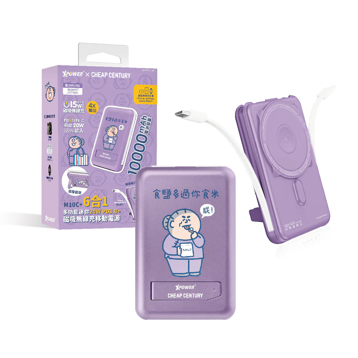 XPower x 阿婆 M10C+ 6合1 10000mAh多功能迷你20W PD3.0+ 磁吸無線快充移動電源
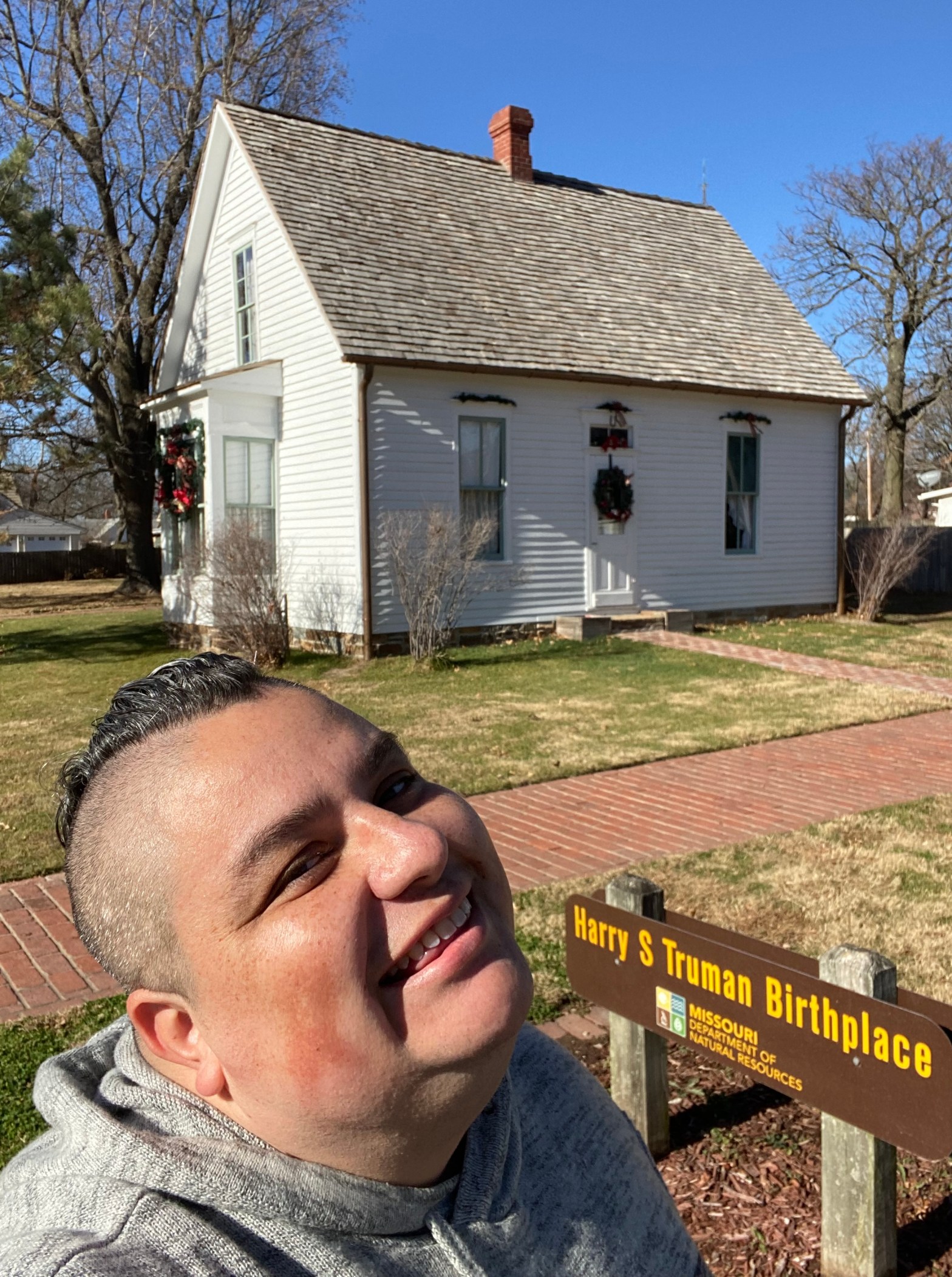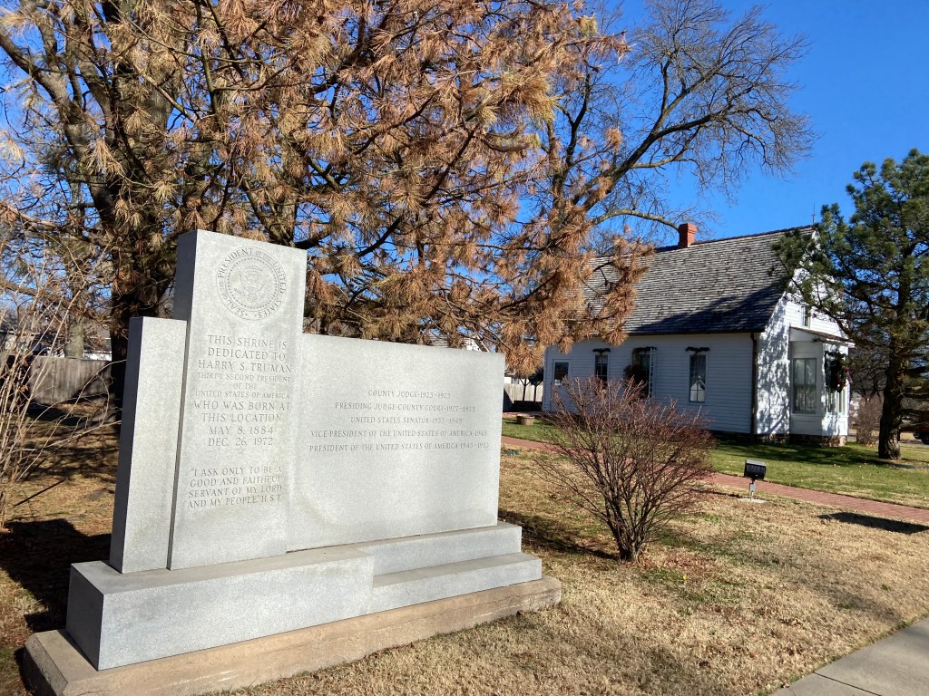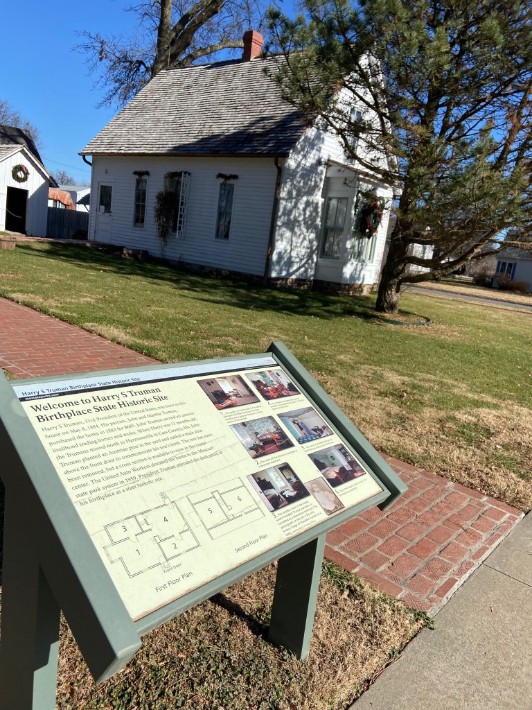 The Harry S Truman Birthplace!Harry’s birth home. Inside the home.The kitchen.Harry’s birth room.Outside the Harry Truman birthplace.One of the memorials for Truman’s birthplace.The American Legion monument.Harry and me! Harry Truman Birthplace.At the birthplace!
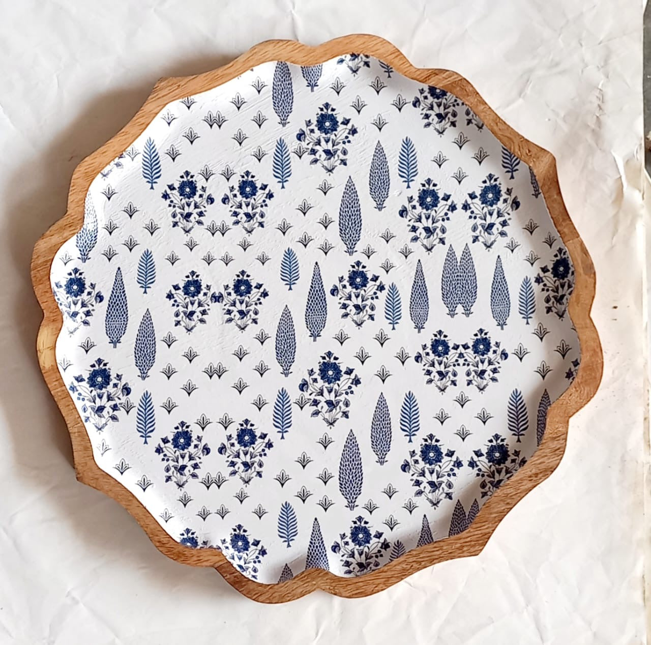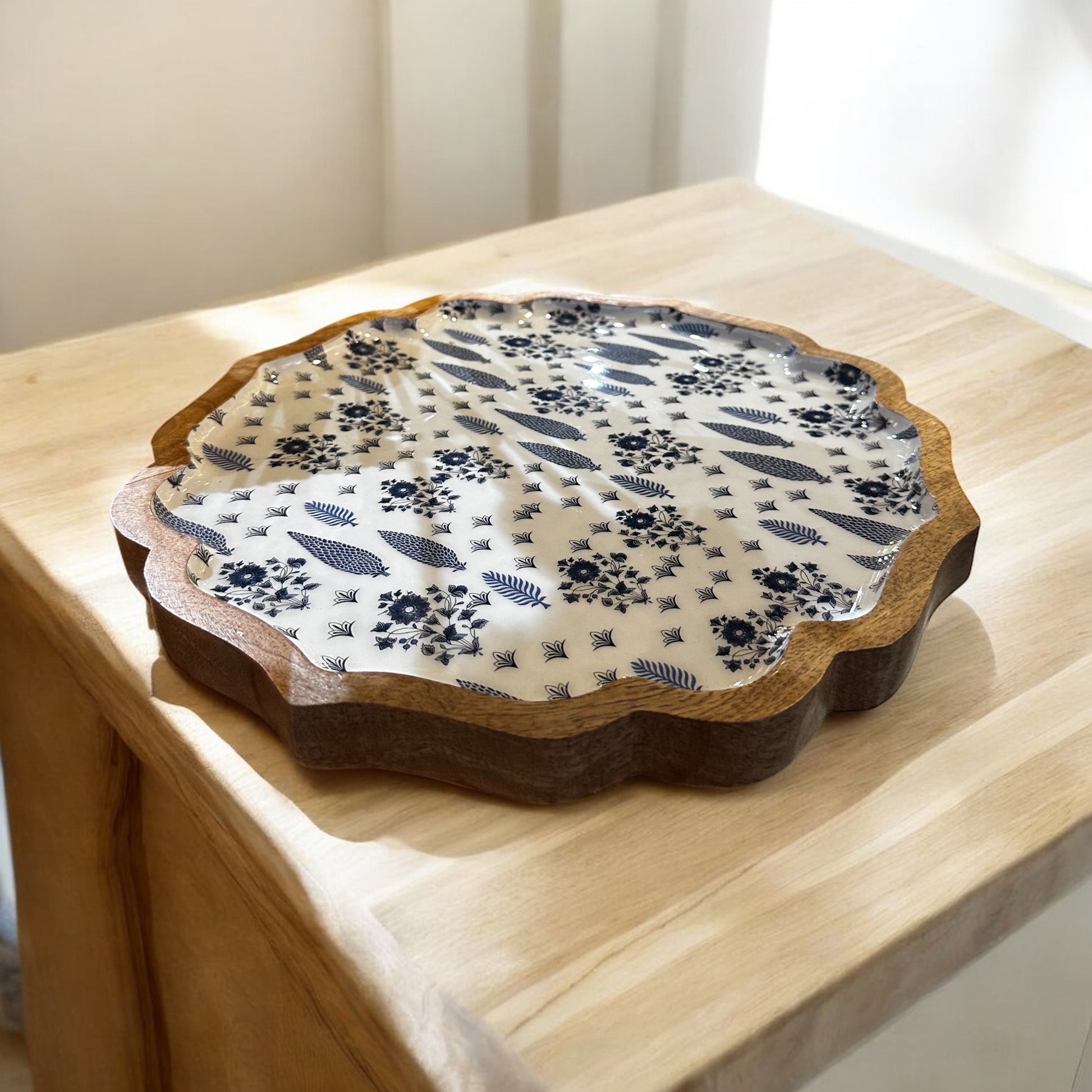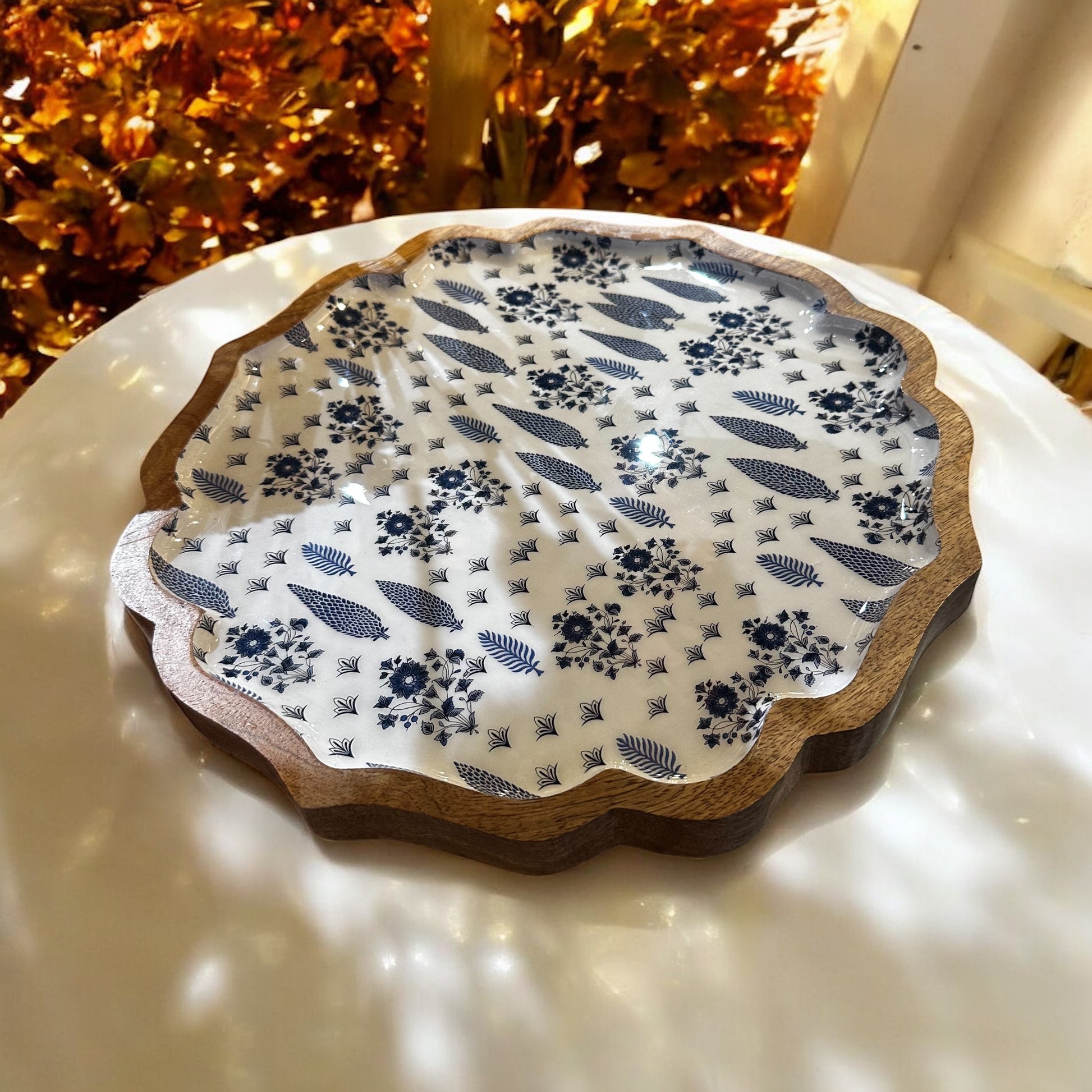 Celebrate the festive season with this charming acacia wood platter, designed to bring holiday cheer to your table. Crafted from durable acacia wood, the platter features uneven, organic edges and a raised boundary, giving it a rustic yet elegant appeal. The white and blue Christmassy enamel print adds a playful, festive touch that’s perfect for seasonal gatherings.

- Activity -
Reproduce the whole listing above character for character; pictures do not belong in it.

- Response -
 XPower x 阿婆 M10C+ 6合1 10000mAh多功能迷你20W PD3.0+ 磁吸無線快充移動電源
 The Harry S Truman Birthplace!Harry’s birth home. Inside the home.The kitchen.Harry’s birth room.Outside the Harry Truman birthplace.One of the memorials for Truman’s birthplace.The American Legion monument.Harry and me! Harry Truman Birthplace.At the birthplace!
 Celebrate the festive season with this charming acacia wood platter, designed to bring holiday cheer to your table. Crafted from durable acacia wood, the platter features uneven, organic edges and a raised boundary, giving it a rustic yet elegant appeal. The white and blue Christmassy enamel print adds a playful, festive touch that’s perfect for seasonal gatherings.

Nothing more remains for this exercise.